I agree that perhaps there is some efficiency gain.  I'm just suggesting that overall it may be so little to be negligible and not warrant the monetary investment required for installation of storage.  I can see the benefits of storage relative to convenience depending on how much time one has to 'tinker' and load firewood for heating purposes.  I think my main concern relative to the idling periods is am I creating creosote and/or operating the appliance in such a manner that might reduce the life of the unit.


----------



## KenLockett (Dec 23, 2012)

Nofossil said:


> I believe that there has to be some efficiency gain as well. Certainly there would be if you burned without storage by loading up to the gills and then letting it idle.
> 
> However, data doesn't generally lie. I haven't seen data from my own (highly instrumented) experience or from anyone else that quantifies a measurable improvement from running a gasifier efficiently without storage, to running it with storage. I'm still a big fan of storage - wouldn't want to give it up, but if you're already minimizing idle time I wouldn't suggest that you cut less firewood based on adding storage ;-)


 
I think in a nutshell, if cost and space was not an issue I would have storage installed but still plumbed in such a way that I could run the unit in an 'on-demand' mode for those times when I'm not busy and want to be more pro-active with the daily operation of the unit.  Kind of like operation of a traditional wood stove.


----------



## KenLockett (Dec 23, 2012)

KenLockett said:


> I think in a nutshell, if cost and space was not an issue I would have storage installed but still plumbed in such a way that I could run the unit in an 'on-demand' mode for those times when I'm not busy and want to be more pro-active with the daily operation of the unit. Kind of like operation of a traditional wood stove.


 

Was doing a little research for 1000 Gallon hot water tanks. Oh my goodnes, $10,000 - $20,000 for the tank itself! As I like to do things myself to save money, I found the link below to a guy that has built some of his own tanks. Very interesting. The link is posted below:

http://www.raycotechnologies.org/hot_water_storage_systems.htm


----------



## stee6043 (Dec 23, 2012)

KenLockett said:


> I think in a nutshell, if cost and space was not an issue I would have storage installed but still plumbed in such a way that I could run the unit in an 'on-demand' mode for those times when I'm not busy and want to be more pro-active with the daily operation of the unit.

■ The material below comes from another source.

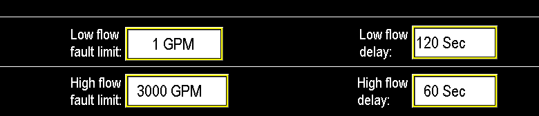 The low and high flow limits act as diagnostic thresholds to alert the PLC of potential issues with the station, preventing damage or inefficiency. Both limits monitor flow in GPM and include a timer delay to avoid false alarms (image 1.5).
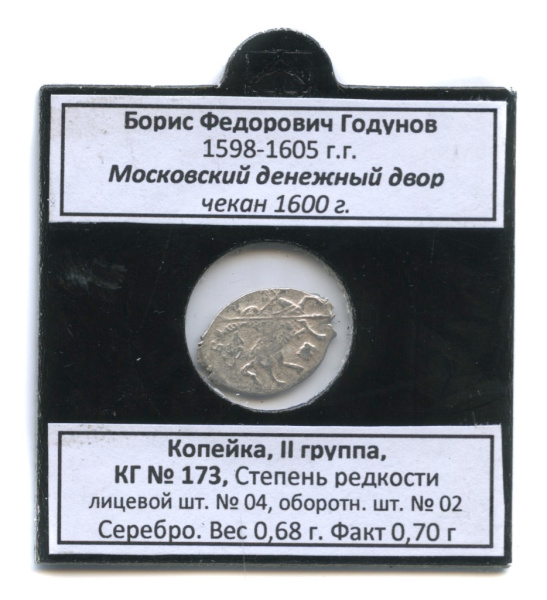 Копейка 1600. В холдере. Борис Федорович Годунов (1598−1605 гг.) МДД, КГ № 173, степень редкости. Лицевой шт. № 04, оборотн. шт. № 2. Серебро. Вес 0,6…

Kind of like operation of a traditional wood stove.


 
I've got my storage plumbed in this manner.  It's quite simple.  I can shut off the tanks and send water directly through my heat exchanger or primary loop and run just like a non-storage system if I need to.  In 5 years, I have yet to run it this way though.  Good to have the option I figured.


----------



## maple1 (Dec 23, 2012)

KenLockett said:


> I agree that perhaps there is some efficiency gain. I'm just suggesting that overall it may be so little to be negligible and not warrant the monetary investment required for installation of storage. I can see the benefits of storage relative to convenience depending on how much time one has to 'tinker' and load firewood for heating purposes. I think my main concern relative to the idling periods is am I creating creosote and/or operating the appliance in such a manner that might reduce the life of the unit.


 
Good points.

I decided after last winter that it would be my last 'tinkering' with my old boiler fire. I was literally almost exhausted when it was over from sleep deprivation in constantly keeping up with the heat demand - feeding every two hours during the day, last load in late at night, first load in early at morning, dealing with mountains of hot coals that wouldn't burn down. It was getting to be a huge ball & chain. Throw in a very close call on my second floor new steel roof while attempting to sweep the chimney - I was over the tinkering.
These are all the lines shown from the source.